Rylie había cambiado temporalmente la ubicación al laboratorio de investigación del campus.
Ahora que el equipo del proyecto de Timothy se había ido, el laboratorio le pertenecía solo a ella.
Brad llegó justo a tiempo. Al entrar, la vio absorta en la calibración del equipo. Ella no le dirigió la mirada. Bajo las frías luces del laboratorio, su bata blanca la hacía parecer distante. Sus dedos se movían con precisión mientras manejaba los controles.

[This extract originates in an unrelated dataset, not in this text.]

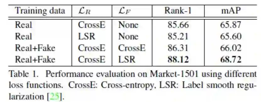 对于真实图像,我们不使用LSR,因为它们的标签与图像内容正确匹配。此外,我们通过实验证明,在真实图像中添加LSR并不能提高全摄像系统下的重新识别性能。所以对于真实的图像,我们使用单热标签分发。对于风格转移的图像,我们设置,损失函数
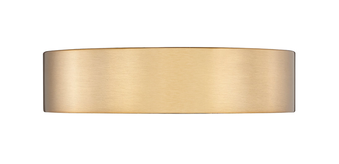 Modern gold finishing turns this modern one-light flush mount ceiling light into a spectacular decorative addition to your space. It's warm and rich, offering elegance to the integrated LEDs that provide energy efficient illumination for your bedroom, den, or living room.

—Llegas justo a tiempo —dijo ella, sin apartar la vista del monitor—. Cierra la puerta con llave.
Sin decir nada, se giró y echó el cerrojo.
Se dirigió a la mesa del laboratorio y vio un frasco azul brillante debajo de la lámpara. «¿Es esto lo nuevo?».
Por fin se giró, con los ojos agudos y brillantes por encima de la mascarilla. «Sí. Este es diferente. Es un compuesto de apoyo neurológico para preparar los nervios para la cirugía». Señaló un recipiente profundo escondido en la esquina. «Pero es más fuerte que el Nexo-7. Sentirás como si todo tu sistema estuviera en llamas. Por eso traje el baño de hielo».